The chemical formula of Prussian blue is represented by Fe (III) ₄ [Fe (II) (CN) ₆ ] ₃ . Prussian blue used in the present invention may contain water of crystallization, and at least part of iron ions may be other metals such as vanadium, chromium, manganese, ruthenium, cobalt, rhodium, nickel, palladium, platinum, copper, It may be substituted with one or more metals selected from the group consisting of silver, zinc, lanthanum, europium, gadolinium, lutetium, barium, strontium, and calcium. Such a Prussian blue-type metal complex is represented by the following formula, for example.

_{A x M A [M B (} CN) 6] y · zH 2 O
A is an atom derived from a cation. x is 0 to 2, y is 1 to 0.3, and z is 0 to 20. M _A is Fe (III), and M _B is Fe (II).

  For Prussian Blue, nanoparticles with a primary particle size (average particle size) of 50 nm or less and secondary particle size (aggregation size) (average particle size) of about 5 nm to 1 mm are cesium adsorption performance and deposit layer formation. From the viewpoint of performance, a pigment having a large primary particle size and a secondary particle size of about 10 to 100 μm, so-called “bitumen” or the like can also be used. (Measurement method (primary particle size): measured with an X-ray diffractometer, calculated by calculating the crystal lattice diameter from the peak. Measurement method (secondary particle size): measured with a laser diffraction / scattering particle size distribution analyzer Value.)
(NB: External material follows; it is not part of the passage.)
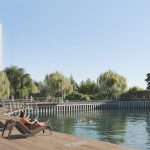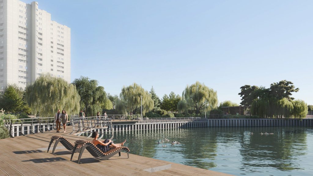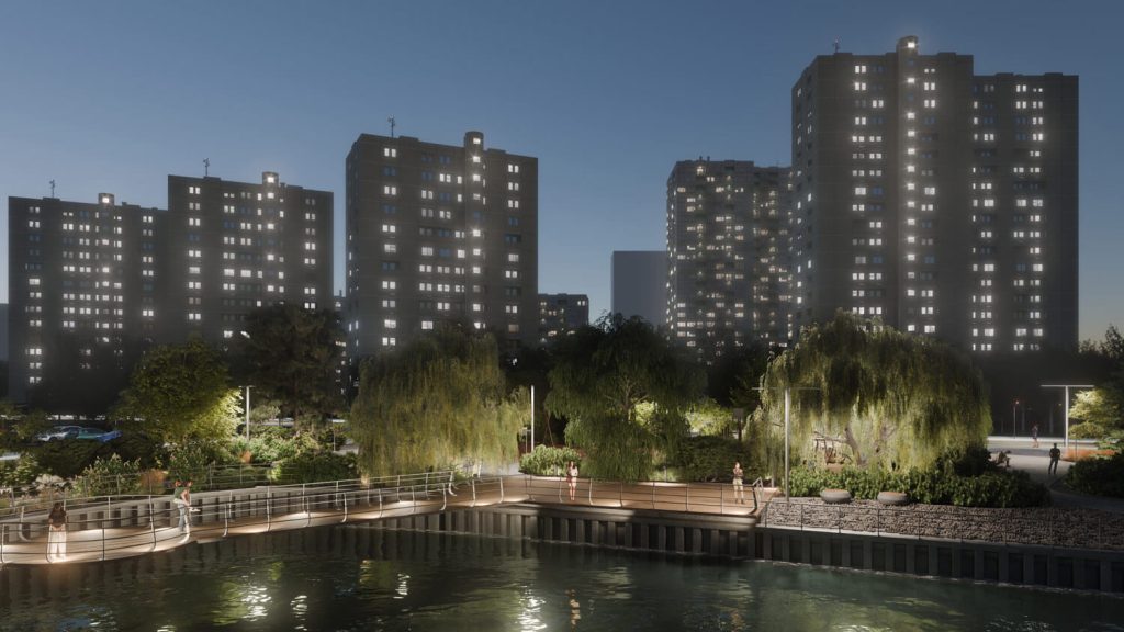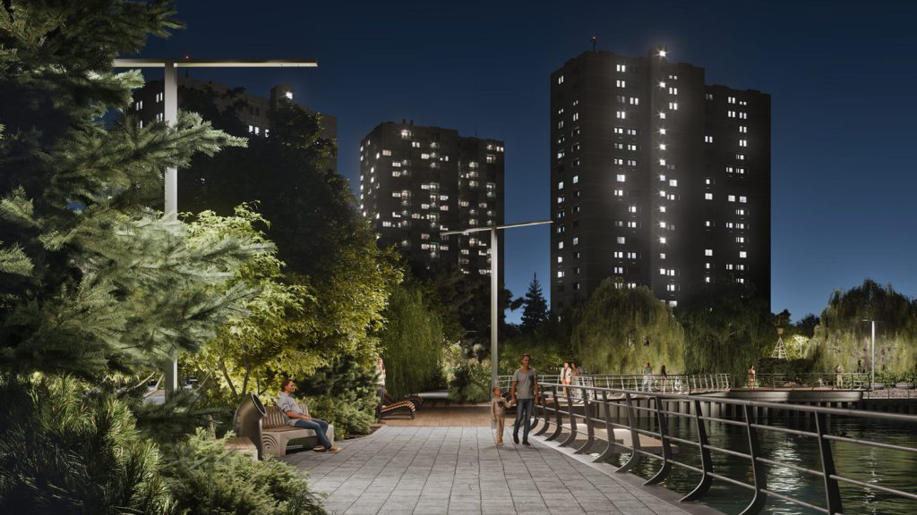 Особым пространственным акцентом стал пешеходный подвесной мост, соединяющий две части парка. Он проходит над водой и в вечернее время мягко подсвечивается, создавая выразительный силуэт и усиливая атмосферу безопасности и уюта. Для любителей живой природы предусмотрено место для кормления уточек — как место тихого взаимодействия человека и воды, важного элемента городской экологии.

The specific surface area of the nanoparticles measured by the BET method using N ₂ gas is preferably about 150 to 2500 m ² / g in terms of adsorption capacity and handling.
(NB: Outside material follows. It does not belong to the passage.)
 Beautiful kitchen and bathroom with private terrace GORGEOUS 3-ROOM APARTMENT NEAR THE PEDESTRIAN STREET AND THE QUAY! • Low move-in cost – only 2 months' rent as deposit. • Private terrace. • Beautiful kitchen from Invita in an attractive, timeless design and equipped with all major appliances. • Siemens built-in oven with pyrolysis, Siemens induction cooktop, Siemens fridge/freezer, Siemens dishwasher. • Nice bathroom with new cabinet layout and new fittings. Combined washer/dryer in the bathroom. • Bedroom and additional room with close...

  Prussian blue nanoparticles have a high cesium adsorption rate. In addition, since the distance that cesium ions entering the lattice gap of Prussian blue nanoparticles diffuse and move to the core of the particles is short, almost all of the Prussian blue nanoparticles are used for adsorption of cesium, and quickly become almost saturated. Cesium can be adsorbed until

  Since the granulation body has a lower decontamination factor than the nanoparticle body, several pots (for example, 4 to 8) filled with Prussian blue granulation body are connected in series, and the water to be treated is passed in series. Is preferred. Since the cesium adsorption / accumulation performance of the granulated material is almost the same as that of the nanoparticle, about 6 of them are installed in series, and the liquid to be treated is distributed first, starting from the most upstream pot where the concentration of cesium adsorption has increased. The cesium in the liquid to be treated can be efficiently adsorbed by exchanging and sequentially raising the distribution sequence and installing a pot filled with the granulated material not adsorbed with cesium on the most downstream side.

  When the radioactive cesium-containing liquid to be treated eluted by ash washing is treated by the method of the present invention, the liquid having a reduced cesium concentration is used again as an ash washing liquid through a pot attached in series.

  A certain amount of the ash washing circulating fluid needs to be extracted and desalted to suppress an increase in salt concentration. The extracted liquid obtains treated water from which radioactive cesium has been adsorbed and separated by adsorption with a nanoparticle body having a high decontamination coefficient, and discharges a salt not containing cesium. The nanoparticle body-containing liquid is filtered to obtain a treatment liquid.

The filter medium is preferably made of a porous cloth, sheet or film, among which a woven cloth of synthetic resin fibers having a thickness of about 0.5 to 1.2 mm, particularly about 0.9 to 1 mm is suitable. is there. As the synthetic resin, polypropylene, polyphenylene sulfide (PPS), polyester, polytetrafluoroethylene, or the like can be used, but is not limited thereto. Examples of the woven fabric include plain weave, satin weave and twill weave, but are not limited thereto. The air permeability of the woven fabric is preferably about 0.1 to ⁵ cm ³ / cm ² · sec, particularly about 0.3 to 1.3 cm ³ / cm ² · sec.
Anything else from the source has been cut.